**Aim of the task:** Repeat the data that follows exactly, starting at the line with "Дивизия вермахта перед сражением за Берлин" and ending at the line with "奥ノ池(2)地区急傾斜地平面図 S=1:250", and leave out every picture.

**Source material:**
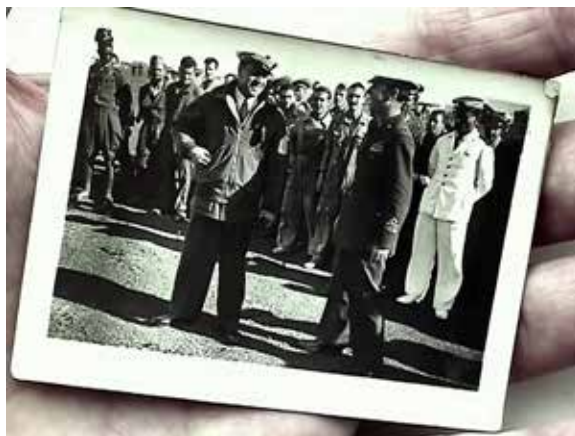
Pays barbare [2013]

Organisé par l'École des hautes études en sciences sociales et le Centre Pompidou, en partenariat avec La Fémis
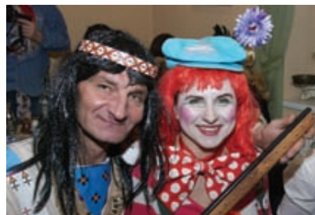
Winnetou v Devíne
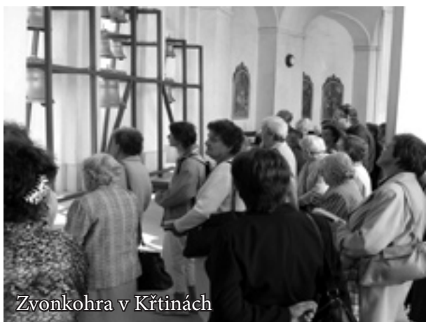
Zvonkohra v Křtinách
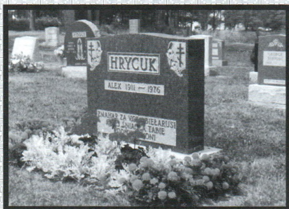
◀ Апошні прытулак. Могілі, г. Кінгстан
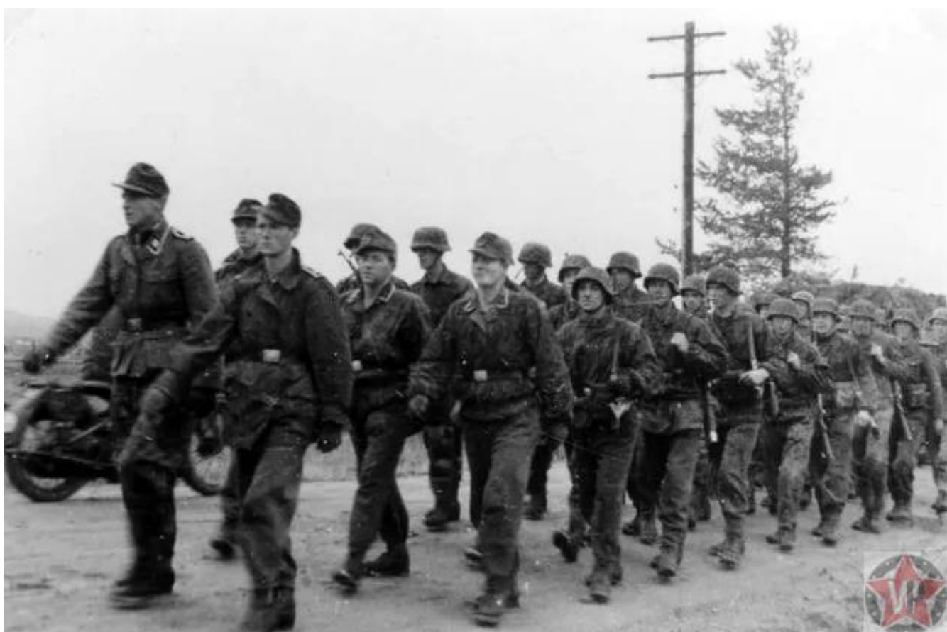
Дивизия вермахта перед сражением за Берлин

Существует также мнение, что у Гитлера была надежда на так называемое оружие возмездия, которое находилось на стадии окончательной разработки и должно было перевернуть соотношение сил. Именно поэтому вермахту требовалось время, и потери здесь не играли никакой роли. Поэтому на советско-германском фронте Гитлер сосредоточил 214 дивизий, а на американско-английском только 60.
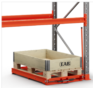
Trekklade voor installatie op betonnen vloer.
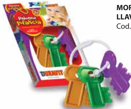
MORDILLO LLAVE Cod. 670
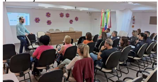
Reunião mensal com ouvidores dia 11 de outubro

Desde abril, as reuniões do Sistema Municipal de Ouvidoria são mensais e visam à padronização de procedimentos e qualificação do atendimento aos usuários.
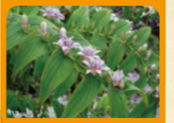
ホトギス 9月下旬~10月上旬
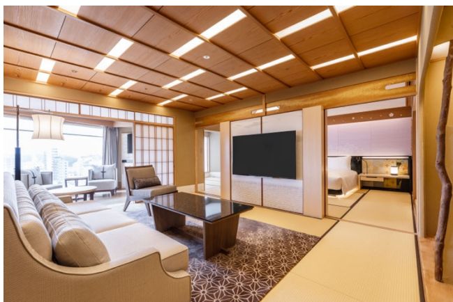
Nouvelle chambre japonaise (120 m 2 )

Tokyo, 8 juillet 2019 – À travers le temps, le décor, l'histoire et les activités proposées par Hotel Gajoen Tokyo ont forgé sa réputation de véritable porte d'entrée sur la culture japonaise . Souvent qualifié « d' hôtel musée » de par ce que l'on y voit et ce que l'on y apprend, ce lieu serein et hors du temps vient d'achever la rénovation de ses 12 chambres japonaises .
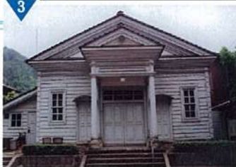
▲旧生野警察署の整備(完了)
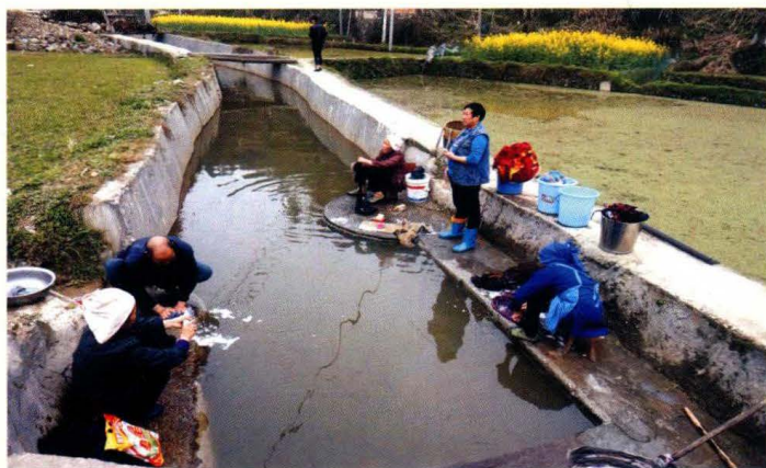
村间溪道
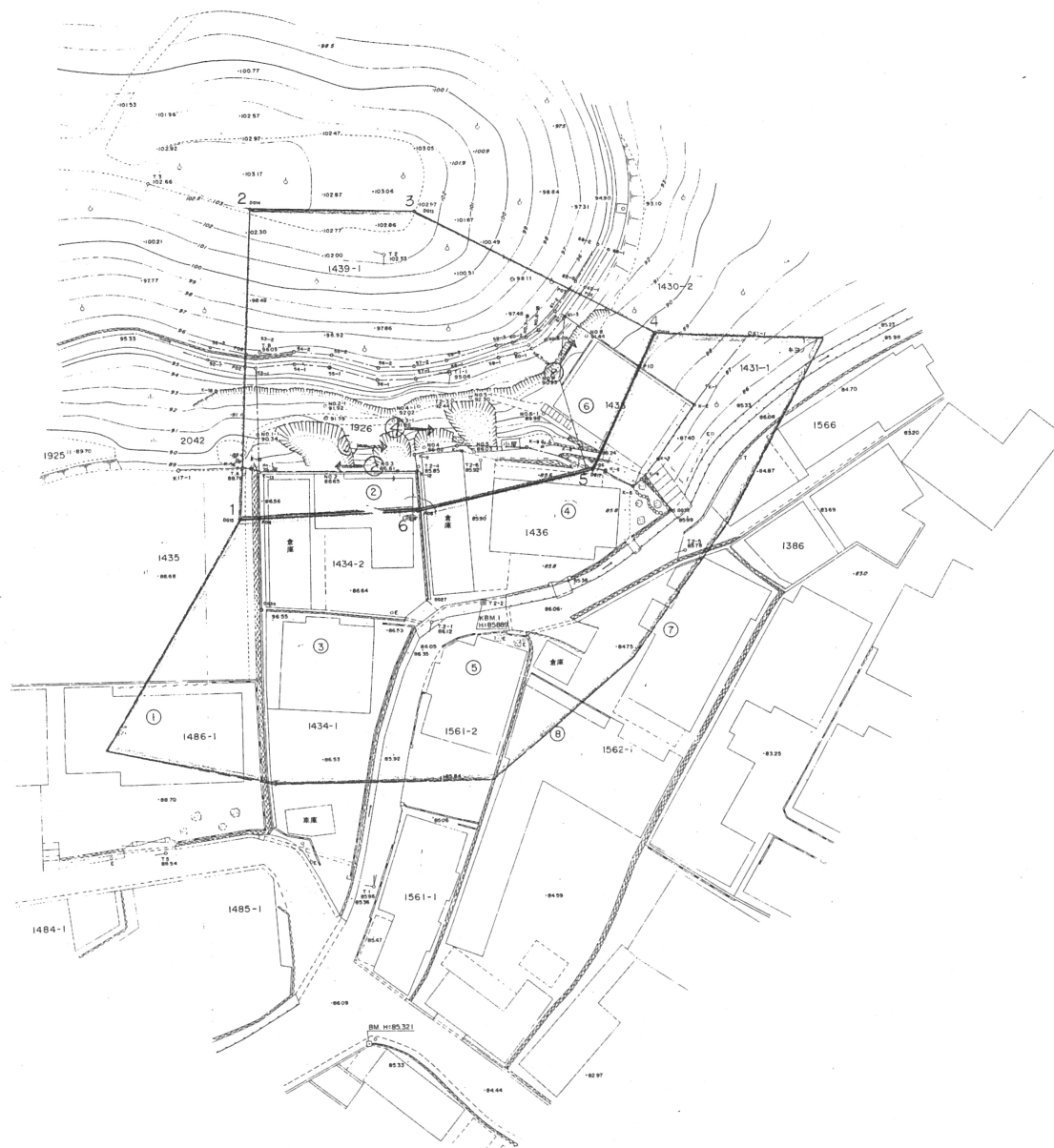
奥ノ池(2)地区急傾斜地平面図 S=1:250
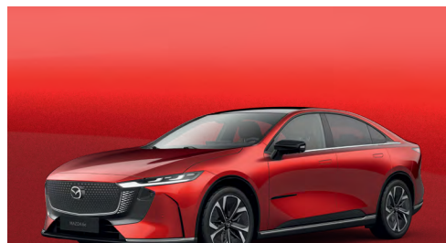
SOUL RED CRYSTAL | 1 050 €
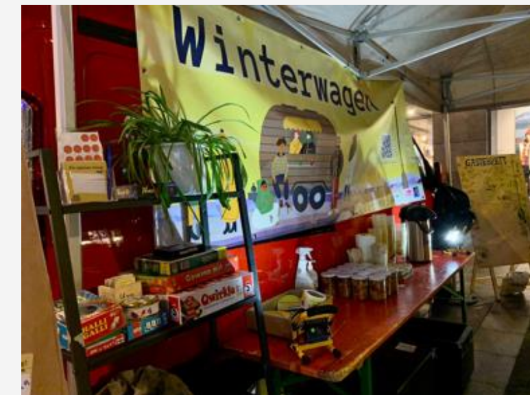
Winterwagen Dezember 2022
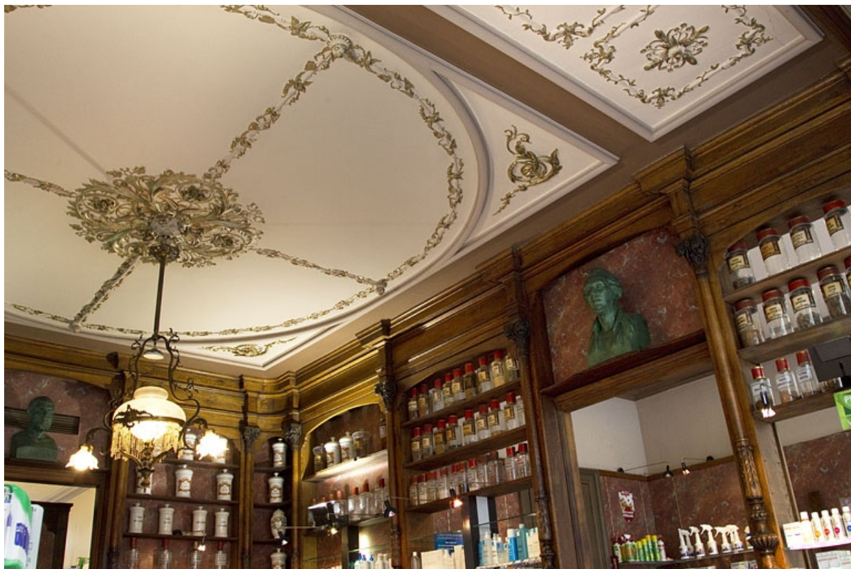
Logis principal, pharmacie : détail du plafond et des boiseries de la boutique, depuis le fond : de trois quarts gauche. 25, Besançon, 7 rue Morand, lieu dit : îlot Morand
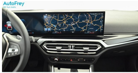
AutoFrey - Villach - www.autofrey.at
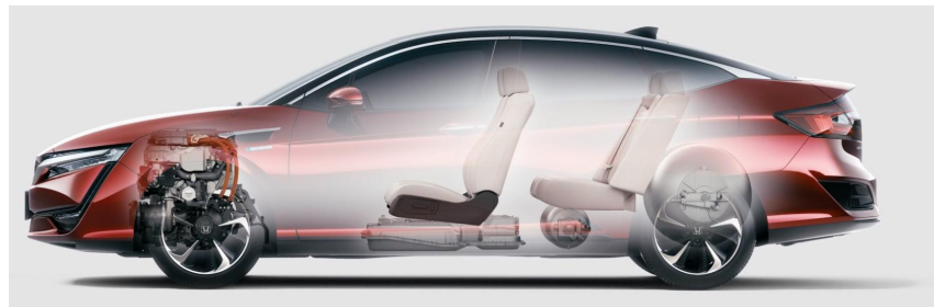
▶ 그림3. Honda Clarity 내부구조도
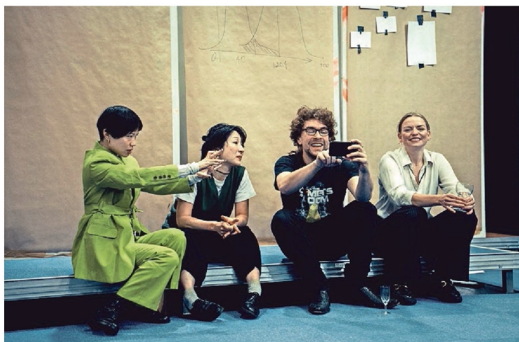
Repetitie van Superposition .

Natuurlijk is niet elke Japanner perfectionistisch of elke Nederlander direct. Een stereotype is een gemiddelde
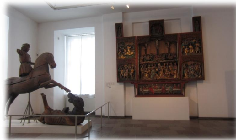
Kirkeudsmykning fra middelalderen

ten! Slottet, der i dag rummer et stort og flot museum, fik sin nuværende plads på en ø i bunden af Slien i slutningen af 1100-tallet, hvor Valdemar den store lod opføre en befæstet bygning, der kaldtes "hele Danmarks lås og lukke", da hovedfærdelsåren dengang og i de følgende århundreder helt op til 1864 gik øst om de fugtige marsk- og engområder og vest om Sliens vande.
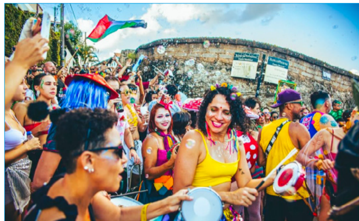
Bloco Unidos da Boa Viagem pelas ruas de Itabirito

No dia 15 de fevereiro, a programação do pré-carnaval continua, desta vez na sede, na Praça da Estação. A programação inclui a
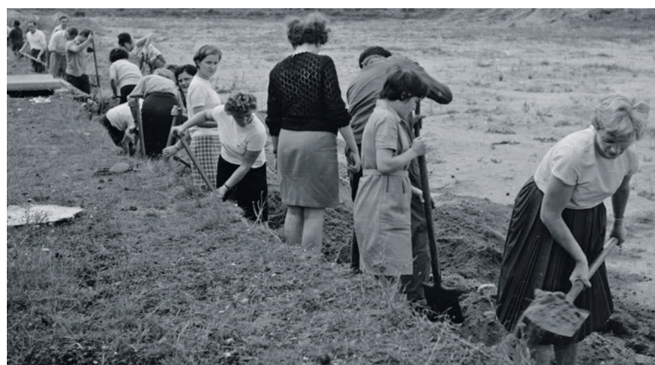
Czyn społeczny - budowa kortów tenisowych przy ul. Wyspiańskiego
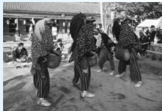
昨年の「藤波のささら獅子舞」

「藤波のささら獅子舞」は、江戸時代から伝承されている民俗芸能です。4人一組で演じられ、クライマックスでは、隠れてしまった女の獅子を2匹の男の獅子(雄獅子・中獅子)が争いながら見つける「雌獅子隠し」が演じられます。前夜祭にも、ぜひお越しください。 10月1日(日)13時～、17時～、20時～(3回上演、雨天決行) 13時～/密蔵院(藤波二丁目)、17・20時～/天神社(藤波一丁目) 【交通】JR上尾駅西口から“ぐるっとくん”で「ふじ学園入口」または「藤波公民館」下車 ※経路しない便がありますので注意してください。
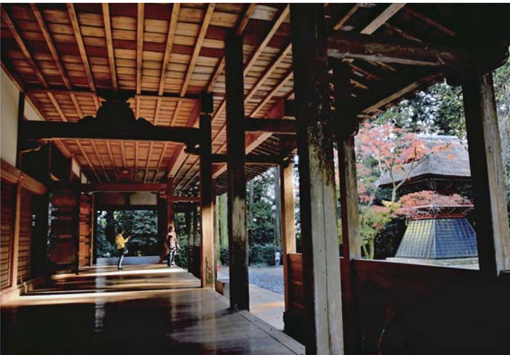
昨年度コンクール 金賞受賞作品
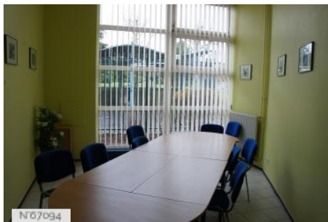
№07094 Ville de Saint-Witz - Lycée Léonard de Vinci/Bureau du proviseur
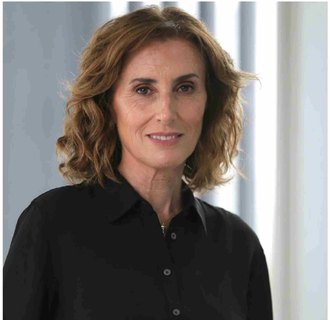
► La exministra de Educación del expresidente Piñera, Marcela Cubillos, actualmente es candidata a alcaldesa por Las Condes.

Conocedores del trabajo de la exsecretaria de Estado afirman que, precisamente por su rol en Libertad y Desarrollo, en un inicio tenía una menor vinculación con la casa de estudios y que durante ese período ejerció solo labores de docencia. Posteriormente se le
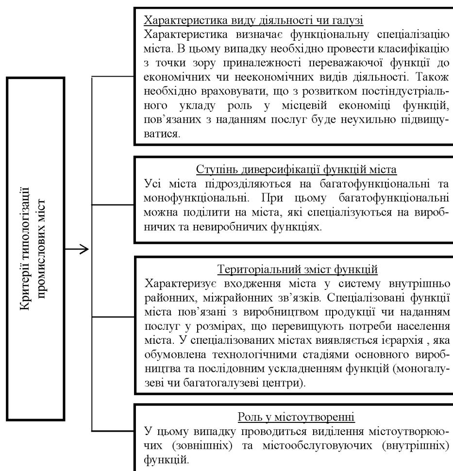
Рис. 1. Критерії типологізації промислових міст

Таким чином, прийняття управлінського рішення про формування функціональної спеціалізації промислового міста стає результатом аналізу комплексу чинників, які визначають потенційне місце та характер взаємозв'язків міста в ієрархії старопромислового регіону, взаємовпливу та взаємодії функцій, що формуються, об'єктивних меж, що визначаються економіко-географічними умовами та чисельністю населення.
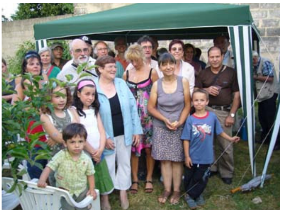
Les jardiniers et les sympathisants de Natur'Ville à Sartrouville
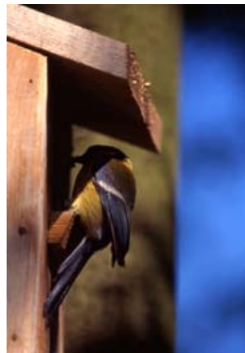
Nido artificiale con cinciallegra
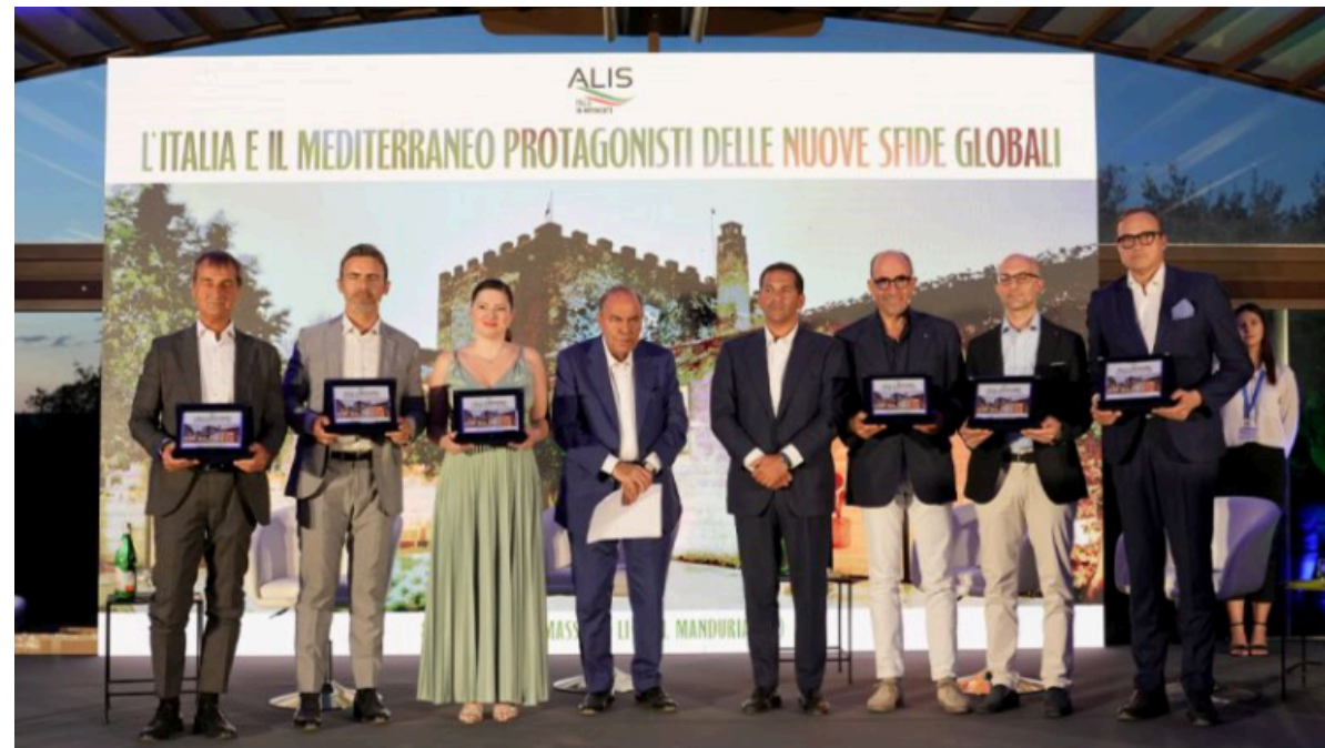
Manduria, 9 luglio
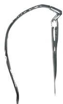
Conjunto de 1 salida
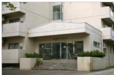
[国際学生宿舎 外観]

キッチン、ユニットバス、トイレ、給湯設備、冷暖房用空調設備、シングルベット2、片袖机、回転椅子、書棚、応接テーブル、応接イス、食卓テーブル、食卓イス、食器棚、整理ダンス、玄関収納庫、洗濯機、乾燥機、冷蔵庫、電気スタンド、クローク
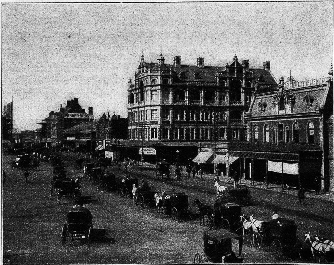
Straße in Johannesburg.
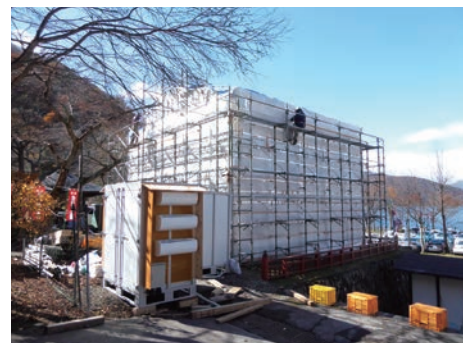
中禅寺愛染堂での加湿温風殺虫処理の現地試験の様子 Field test of humidity-controlled warm air treatment for wooden historical building (Aizendo, Chuzenji Temple)

In cultural property conservation, there are a lot of examples of severe damage by means of biological deterioration. The growth of organisms on cultural properties is promoted by some factors provided from daily managements or occasionally natural disaster. These factors are related to environments surrounding the cultural properties complicatedly. The Biological Section studies effective countermeasures against bio-deterioration of cultural properties through the researches of interaction between organism and environment surrounding the cultural properties. Currently, this Section is focusing ecological characteristics of algae communities colonized on the surface of a stone coffin, a simple and rapid method for measuring microorganisms, an insecticidal treatment reducing an environmental load for historical wooden buildings, and a cleaning technique using newly developed enzyme on fungal-damaged cultural properties.

**Result of this exercise:**
Дивизия вермахта перед сражением за Берлин

Существует также мнение, что у Гитлера была надежда на так называемое оружие возмездия, которое находилось на стадии окончательной разработки и должно было перевернуть соотношение сил. Именно поэтому вермахту требовалось время, и потери здесь не играли никакой роли. Поэтому на советско-германском фронте Гитлер сосредоточил 214 дивизий, а на американско-английском только 60.
Trekklade voor installatie op betonnen vloer.
MORDILLO LLAVE Cod. 670
Reunião mensal com ouvidores dia 11 de outubro

Desde abril, as reuniões do Sistema Municipal de Ouvidoria são mensais e visam à padronização de procedimentos e qualificação do atendimento aos usuários.
ホトギス 9月下旬~10月上旬
Nouvelle chambre japonaise (120 m 2 )

Tokyo, 8 juillet 2019 – À travers le temps, le décor, l'histoire et les activités proposées par Hotel Gajoen Tokyo ont forgé sa réputation de véritable porte d'entrée sur la culture japonaise . Souvent qualifié « d' hôtel musée » de par ce que l'on y voit et ce que l'on y apprend, ce lieu serein et hors du temps vient d'achever la rénovation de ses 12 chambres japonaises .
▲旧生野警察署の整備(完了)
村间溪道
奥ノ池(2)地区急傾斜地平面図 S=1:250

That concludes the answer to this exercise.